Negative Ads

Meg Whitman when running for Governor in California in 2010 was asked by opponent Jerry Brown to stop running negative ads against him. She refused. She lost the election, but no one attributes the loss to her negative ads against Brown. Whitman was strongly backed by Mitt Romney and the two remain friends. Romney, now running for president again, has run very few negative ads against any of his opponents and the ones he has run have been more drawing distinctions between himself and others such as calling Rick Perry a “career politician”. For someone who spent 30 years in politics, that isn’t a “negative ad” so much as a critical distinction.

Other attacks have come from pro-Romney PACs and Newt Gingrich has an incoherent complaint about them. He is angry over some of the ads alleged untruths and has bashed Romney in very personal terms – calling him a liar and asking if he would show those ads to his grandchildren, implying that he should be ashamed…of advertisements Romney did not write, did not approve and did not have anything to do with. In fact, it is illegal for a candidate to have any such involvement with a PAC.

Michael Hirsh in the National Journal notes:

So let’s briefly play out the pretense of the coming days.

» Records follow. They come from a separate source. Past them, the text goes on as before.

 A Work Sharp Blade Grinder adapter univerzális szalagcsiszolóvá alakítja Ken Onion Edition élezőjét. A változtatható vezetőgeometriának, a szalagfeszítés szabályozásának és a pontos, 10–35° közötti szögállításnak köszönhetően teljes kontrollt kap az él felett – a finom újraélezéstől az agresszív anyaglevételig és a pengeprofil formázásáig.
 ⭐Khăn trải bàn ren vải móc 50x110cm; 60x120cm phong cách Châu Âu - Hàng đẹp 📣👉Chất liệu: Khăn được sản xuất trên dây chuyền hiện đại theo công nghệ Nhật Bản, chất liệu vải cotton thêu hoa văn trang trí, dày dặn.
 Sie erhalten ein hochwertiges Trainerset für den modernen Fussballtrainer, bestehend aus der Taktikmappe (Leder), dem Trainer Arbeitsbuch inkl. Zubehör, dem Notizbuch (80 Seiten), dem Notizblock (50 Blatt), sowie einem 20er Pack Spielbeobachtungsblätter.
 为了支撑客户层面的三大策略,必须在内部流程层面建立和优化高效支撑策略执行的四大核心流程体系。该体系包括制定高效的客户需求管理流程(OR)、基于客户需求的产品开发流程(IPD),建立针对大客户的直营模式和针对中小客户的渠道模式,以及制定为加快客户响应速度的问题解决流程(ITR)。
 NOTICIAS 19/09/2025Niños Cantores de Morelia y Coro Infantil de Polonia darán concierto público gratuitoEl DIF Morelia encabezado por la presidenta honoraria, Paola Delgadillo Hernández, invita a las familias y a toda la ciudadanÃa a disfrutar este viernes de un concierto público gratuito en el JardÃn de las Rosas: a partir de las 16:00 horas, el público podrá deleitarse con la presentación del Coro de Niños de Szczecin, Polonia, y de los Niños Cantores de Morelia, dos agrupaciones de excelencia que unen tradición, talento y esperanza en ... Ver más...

Gingrich, who along with Santorum remains Romney’s only viable competitor, will huff and puff about the negative ads that Romney’s super PAC ran about him in Iowa. (Actually, all those ads did was point out accurately that Gingrich bears the “baggage” of two decades of expediency, hypocrisy, and flip-flopping in Washington.) Then Newt, who is among the most negative politicians in modern memory, will permit his own super PAC to attack the former Massachusetts governor over his less-than-conservative record.

All of which will do little to help Gingrich achieve what is almost certainly already beyond him, the Republican nomination, and will only boost Romney with the independent and centrist voters he needs to win in the general election, as will the inevitable attacks by Santorum.

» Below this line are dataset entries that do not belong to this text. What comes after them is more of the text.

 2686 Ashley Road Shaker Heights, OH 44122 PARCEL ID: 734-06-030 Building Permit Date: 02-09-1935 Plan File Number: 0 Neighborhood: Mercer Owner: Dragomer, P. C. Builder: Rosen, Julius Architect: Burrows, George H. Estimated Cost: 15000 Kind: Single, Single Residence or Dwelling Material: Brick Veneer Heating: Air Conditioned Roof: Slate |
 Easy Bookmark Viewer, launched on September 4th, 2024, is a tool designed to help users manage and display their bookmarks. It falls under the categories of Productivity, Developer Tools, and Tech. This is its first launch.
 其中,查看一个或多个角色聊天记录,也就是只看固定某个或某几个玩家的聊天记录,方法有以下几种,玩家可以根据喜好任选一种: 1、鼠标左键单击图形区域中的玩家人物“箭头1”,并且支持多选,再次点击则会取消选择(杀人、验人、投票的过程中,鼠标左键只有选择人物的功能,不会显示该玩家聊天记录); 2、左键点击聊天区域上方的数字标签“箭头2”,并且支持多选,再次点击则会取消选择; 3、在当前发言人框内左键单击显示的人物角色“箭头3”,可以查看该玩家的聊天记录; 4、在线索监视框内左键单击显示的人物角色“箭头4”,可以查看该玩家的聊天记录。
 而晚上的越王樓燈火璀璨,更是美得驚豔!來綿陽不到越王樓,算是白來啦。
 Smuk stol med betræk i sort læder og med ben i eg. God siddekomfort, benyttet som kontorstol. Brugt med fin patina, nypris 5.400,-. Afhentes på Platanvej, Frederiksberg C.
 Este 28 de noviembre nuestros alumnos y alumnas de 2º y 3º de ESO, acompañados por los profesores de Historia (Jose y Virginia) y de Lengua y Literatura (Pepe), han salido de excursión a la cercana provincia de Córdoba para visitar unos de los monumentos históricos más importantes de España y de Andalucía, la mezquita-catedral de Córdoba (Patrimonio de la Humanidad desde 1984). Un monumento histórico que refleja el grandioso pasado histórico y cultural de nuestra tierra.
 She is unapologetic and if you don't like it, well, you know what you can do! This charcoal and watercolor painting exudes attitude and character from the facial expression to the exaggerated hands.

Byron York calls Romneys position disingenuous in what is itself a disingenuous claim:

Where Gingrich has been naive, Romney has been disingenuous. Asked Dec. 20 why he didn’t tell the super-PAC to stop the negative ads, Romney answered, “It’s illegal … I’m not allowed to communicate with a super-PAC in any way, shape or form.” Asked the same question the next day — after experts pointed out there was no law or rule preventing him from condemning the negative ads — Romney said, “I’m sure I could go out and say, ‘Hey please don’t do anything negative.’ But you know, this is politics.”

Spot the difference?

York says Romney was disingenuous for…er…accurately citing a law he was being asked to break.

Then when Romney was asked a different question, which was essentially “why don’t you just say you don’t like them instead of actually tell the PAC to pull them”, he didn’t dispute that of course he could say that but what for? Why would he? The guy isn’t against negative campaign ads. So… what is the bit of disingenuousness?